Un cadre juridique assoupli

Depuis 40 ans, la législation relative aux CDD a été largement réformée : nouveaux cas de recours, baisse des cas où l’indemnité de fin de CDD est versée, place croissante accordée aux partenaires sociaux pour organiser le régime juridique des CDD. Avec la loi précitée du 17 juin 2020, le législateur permet à un accord d’entreprise (conclu jusqu’au 31 décembre 2020) de fixer le nombre maximal de renouvellements de CDD, ainsi que le délai de carence, pendant lequel il ne peut être conclu un nouveau CDD avec un salarié. Même temporaire, ce choix interpelle à plusieurs titres. En effet, depuis les ordonnances « travail » de septembre 2017, seul un accord de branche étendu peut contenir des dispositions sur ces questions (à défaut d’accord de branche, les dispositions supplétives du Code du travail s’appliquent). Ce thème fait d’ailleurs partie du dénommé « bloc 1 », dans lequel l’accord de branche prévaut sur l’accord d’entreprise. Sauf si celui-ci contient des dispositions au moins équivalentes. Avec la loi du 17 juin 2020, les dispositions d’un accord d’entreprise s’appliqueront en matière de CDD, quand bien même un accord de branche étendu prévoirait des dispositions plus favorables. Outre le fait que la force obligatoire de l’accord de branche conclu est affaiblie, cela prive les salariés des garanties de la branche et ouvre la porte à un risque de dérives (ex : nombre élevé de CDD pouvant être renouvelés, délai de carence très courts…) dont les premiers perdants seront précisément… les salariés précaires ! L’avenir dira si les partenaires sociaux concluront des accords sur ces points. Mais peut-être faudrait-il, à titre conclusif, rappeler que les CDD n’ont pas pour objet ou pour effet de pourvoir durablement aux emplois liés à l’activité normale et permanente des entreprises…

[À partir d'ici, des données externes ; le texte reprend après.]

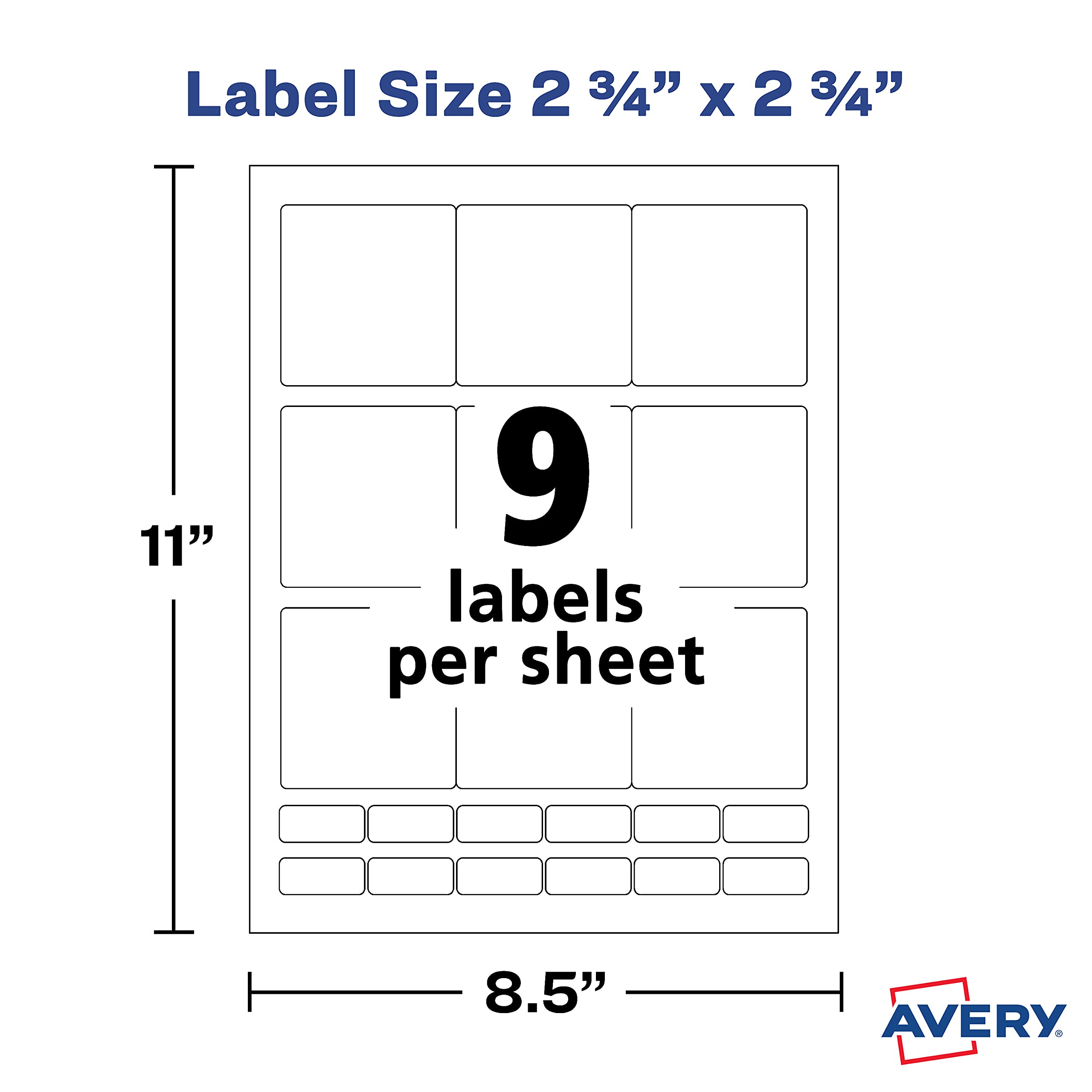 Avery 2 inch square labels. › Avery-Print-Rectangle-LabelsAmazon.com: Avery Printable Blank Rectangle Labels, 2" x 3 ... Apr 12, 2012 · Avery Glossy Crystal Clear Address Labels for Laser & Inkjet Printers, 2" x 4", 100 Labels (6522) Avery Waterproof Oil-Resistant Film Labels - Bath & Beauty, Jars, 2" x 2" Square, for Laser or Pigment Print, 120 Labels (64503) Avery | Labels, Cards, Dividers, Office Supplies & More At Avery.com, you'll find office supplies and products such as labels, dividers, notetabs and binders. You can also browse our website to find ready-made templates ... › Avery-Frosted-Address-PrintersAVERY Matte Frosted Clear Address Labels for Inkjet Printers ... Jan 19, 2006 · Buy AVERY Matte Frosted Clear Address Labels for Inkjet Printers, 1" x 2-5/8", 300 Labels (18660): Everything Else - Amazon.com FREE DELIVERY possible on eligible purchases › Avery-Shipping-Printers-PermanentAvery 8163 Shipping Labels, Inkjet Printers, 250 Gift Labels ... Jul 07, 2004 · Amazon Basics Square Labels for Laser & Inkjet Printers, Print-to-The-Edge, 2" x 2", 300-Pack Amazon Basics Shipping Address Labels, Inkjet Printers, Half Sheet Labels, Permanent Adhesive, 50-Pack Amazon Basics Round Labels for Laser & Inkjet Printers, 2.5", Kraft Brown Labels , 90-Pack

[1] « Les enjeux de la mixité sociale en France, fiches repères INJEP.

[2] « CDD, CDI : comment évoluent les embauches et les ruptures depuis 25 ans? », DARES Analyses, n° 026, juin 2018.

[3] A. DUFOUR, « Pour les jeunes, le CDD est un tremplin vers l’emploi, La Croix, 2 juillet 2019.

[4] « CDD, CDI : comment évoluent les embauches et les ruptures depuis 25 ans? », art. préc.

[5] Cf. Observatoire des inégalités.